In this paper, we prove global-in-time existence and uniqueness of solutions to the nonlinear peridynamic equation of motion for a class of pairwise force functions \(\mathbf{f}\) multiplied by \(H_{\varepsilon}\) as given above. The assumptions on \(\mathbf{f}\) we suppose are natural in the sense that we only require minimal measurability and (Lipschitz) continuity properties allowing us to interpret the underlying equation as an abstract ordinary differential equation of Volterra type. In a classical local theory, these assumptions correspond to the situation that the stress-strain relation is described by a (Lipschitz) continuous function. Our notion of solution may include spatially discontinuous deformations. Moreover, Theorem 2.2 can be interpreted as a regularity result: If there is no discontinuity in the initial deformation then, under suitable further assumptions, the deformation stays continuous.

The multiplication by \(H_{\varepsilon}\) allows us to take into account the time history in such a way that, although irreversible damage is incorporated, Lipschitz continuity is preserved. Here we model irreversible damage by comparing the bondstretch corresponding to the solution with a prescribed bondstretch. As already described above, the parameter \(\varepsilon\) can be seen as a regularization parameter as well as a parameter that describes a continuous transition from the undamaged to the damaged situation.

We would like to emphasize that nonlinear peridynamics in combination with fracture has been studied very recently in [5]. However, even though the effect of bonds losing strength is considered, no irreversible bond breaking is implemented in the formulation of [5].

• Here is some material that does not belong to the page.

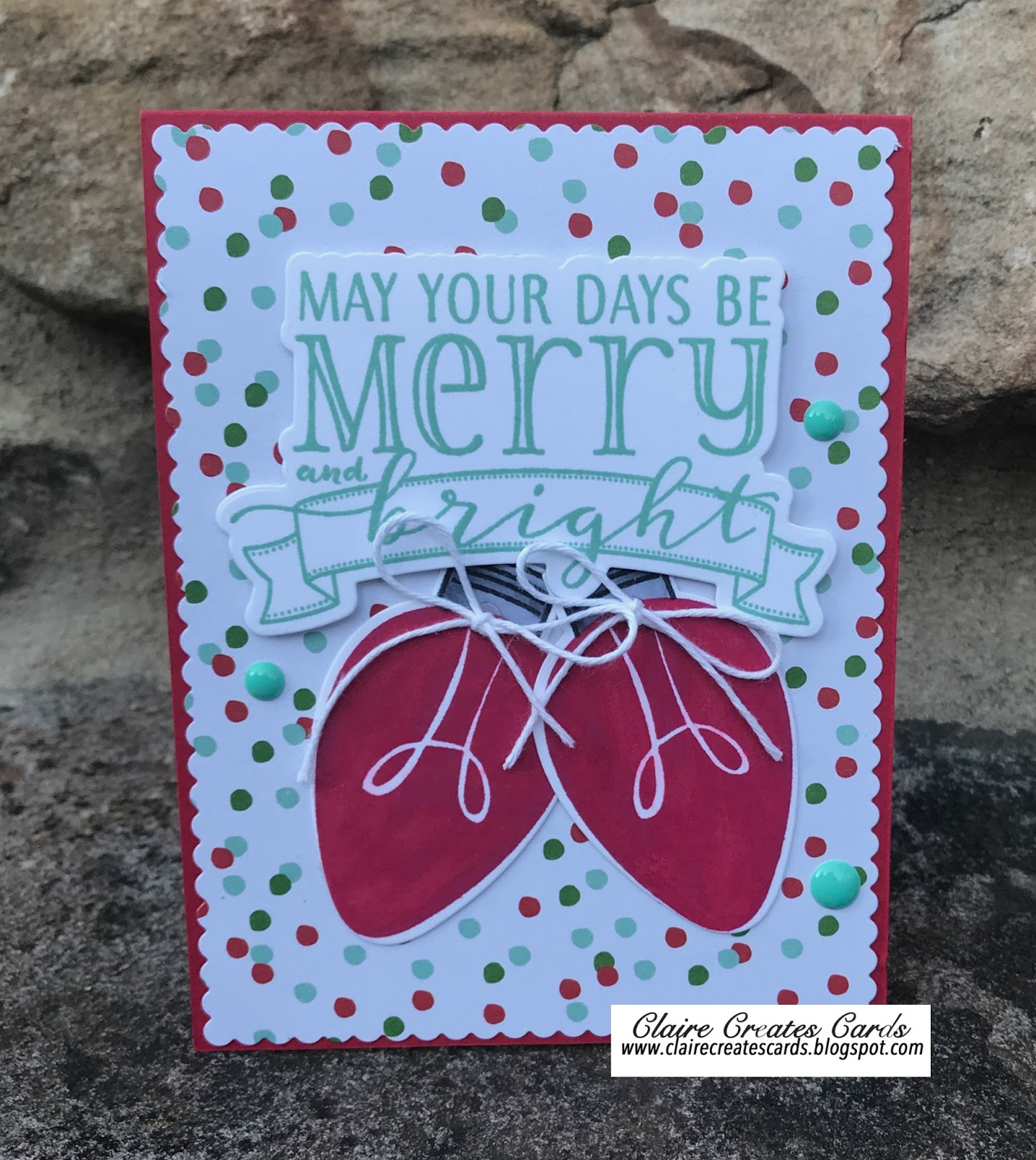 All of my cards are created on a 4 1/4 X 5 1/2 card bases. I went through my stash and pulled out a few pieces of patterned paper that I had on my table top. I cut each one using a retired MFT scalloped border die. I stamped the sentiment using W Plus 9 Be Merry stamp set. I stamped the sentiment 6 times in different colors of ink to match the backgrounds I chose. I cut the sentiment out using the matching die. I adhered the sentiment to each background using dimensionals. I stamped a variety of retro light bulbs using the Reverse Confetti Merry & Bright stamp set. I cut them out with the matching die. I adhered two to each card and colored the tops with Copic Markers C1 and C3. I added Wink of Stella to the bulbs and a twine bow at the top of each one.

2 Global Existence and Uniqueness

In what follows, we rely on the standard notation for function spaces. As usual, we identify the deformation \(\mathbf{y}:\overline{\varOmega}\times[0,T]\to \mathbb{R}^{d}\) with the abstract function \(\mathbf{y}: [0,T]\to X\) by \([\mathbf{y}(t)](\mathbf{x})=\mathbf{y}(\mathbf{x},t)\), where \(X\) is a suitable function space of mappings of \(\overline{\varOmega}\) into \(\mathbb{R}^{d}\). Then, for initial data \(\mathbf{y}_{0},\mathbf{v}_{0} \in X\), the peridynamic initial-value problem reads

$$ \mathbf{y}''(t)=(K\mathbf{y}) (t)+\mathbf{b}(t) , \quad t\in(0,T) ,\qquad \mathbf{y}(0)=\mathbf{y}_{0} , \qquad \mathbf{y}'(0)=\mathbf{v}_{0} , $$

(2.1)

where \(K:\mathcal{C}([0,T];X)\to\mathcal{C}([0,T];X)\) is given by

$$ \bigl[(K\mathbf{y}) (t) \bigr](\mathbf{x})= \int_{\varOmega\cap B(\mathbf{x};\delta )} \mathbf{f} \bigl( \hat {\mathbf {x}}-\mathbf {x}, \mathbf{y}(\hat {\mathbf {x}},t)-\mathbf{y}(\mathbf{x},t)\bigr) (H_{\varepsilon} \mathbf{y}) (\hat {\mathbf {x}},\mathbf{x},t)\,\mathrm {d}\hat {\mathbf {x}} . $$

(2.2)

Note that \(K\) is a Volterra operator in the sense of [4, Definition 1.1 on p. 163], i.e., for \(t\in [0,T]\), from \(\mathbf{v}(\tau)=\mathbf{w}(\tau)\) for all \(\tau\in [0,t]\) it follows \((K\mathbf{v})(t)=(K\mathbf{w})(t)\). For more information about Volterra operators in this generalized sense and corresponding existence theorems, we refer to [4].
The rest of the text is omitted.